Keep coming back! Narcotics Anonymous narrative
and recovering-addict identity, Adam Rafalovich,
Contemporary Drug Problems, Spring 1999, v26, i1.
In other words, the way to become one of the group is to start
talking the talk in meetings, and telling people that the program
really is working for you —
"Fake It Until You Make It." —
"You can act yourself into thinking right easier than you can think yourself into acting right."
The more you do it, the more it will warp your
thinking and make you feel and act like one of the old-timers.
Since you don't want to think of yourself as a lying fake, you will start to imagine that
you really are getting some great results, just like you have been saying...

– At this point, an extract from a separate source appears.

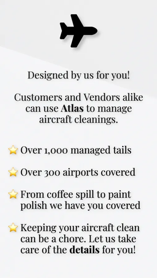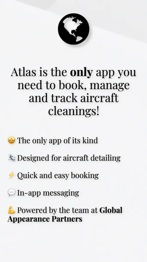 Atlas is the only application of its kind designed exclusively for Global Appearance Partners. It serves as the platform to book, manage, and track aircraft cleanings. We offer both customer and vendor facing tools and experiences so managing cleanings is just a few taps away. For more information of if you have questions, please contact us at info@global-appearance.com

It's called cognitive dissonance. You will feel a conflict between
the requirement to talk like the program works and your knowledge that it isn't
doing anything. The feeling is one of dissonance — the same irritating,
jarring, disharmonious feeling that you get from bad musical chords.
Your subconscious mind will struggle to minimize the pain of the conflict
between believing that it is wrong to lie, and the group requirement
that you say that you are getting great results from working the program — and
the subconscious mind's answer to the problem is to
"come to believe"
that the program really is working for you and that you really are making
great spiritual progress from working a strong program, just like you've been saying.
It's really a very common brainwashing and mind-control technique:
"Makem' say it enough times, and they'll start to believe it.
Make them go through the motions enough times and they will start to believe that such
behavior is normal."
Also see Andrew Meacham's description of
Reverse Denial
for another example of how people get nudged into parrotting the standard speeches.
92.
Grandiose existence. Bombastic, Grandiose Claims.
They can't just be normal good people; they have to be moral titans,
playing out grand heroic roles in an epic cosmic moral melodrama.
A.A. scores a 10.
Bill Wilson had such outrageous delusions of grandeur that this cult
characteristic becomes almost comical:
-
He stood in the Presence of Infinite Power and Love.
The Big Book, 3rd edition, William G. Wilson,
chapter 4, We Agnostics, page 56.
-
Much has already been said about receiving strength, inspiration,
and direction from Him who has all knowledge and power.
If we have carefully followed directions, we have begun to sense the
flow of His Spirit into us. To some extent we have become God-conscious.
We have begun to develop this vital sixth sense.
The Big Book, 3rd edition, William G. Wilson,
chapter 6, Into Action, page 85.
(Carefully followed whose directions?)
-
We have come to believe He [God] would like us to keep our heads
in the clouds with Him...
The Big Book, 3rd edition, William G. Wilson,
Chapter 9, page 130.
-
We feel we are on the Broad Highway, walking hand in hand with
the Spirit of the Universe.
The Big Book, 3rd edition, William G. Wilson,
chapter 6, Into Action, page 75.
-
All A.A. progress can be reckoned in terms of just two words:
humility and responsibility. Our whole spiritual development
can be accurately measured by our degree of adherence to these
magnificent standards.
AS BILL SEES IT, William G. Wilson, p. 271.
-
See to it that your relationship with Him is right, and great events
will come to pass for you and countless others. This is the Great Fact
for us.
The Big Book, 3rd edition, William G. Wilson, page 164.
-
And other A.A. proselytizers aren't too bad at it, either:
... Wilson's drinking had ruined his career, damaged his health, and
caused agonizing pain and worry to his family and friends.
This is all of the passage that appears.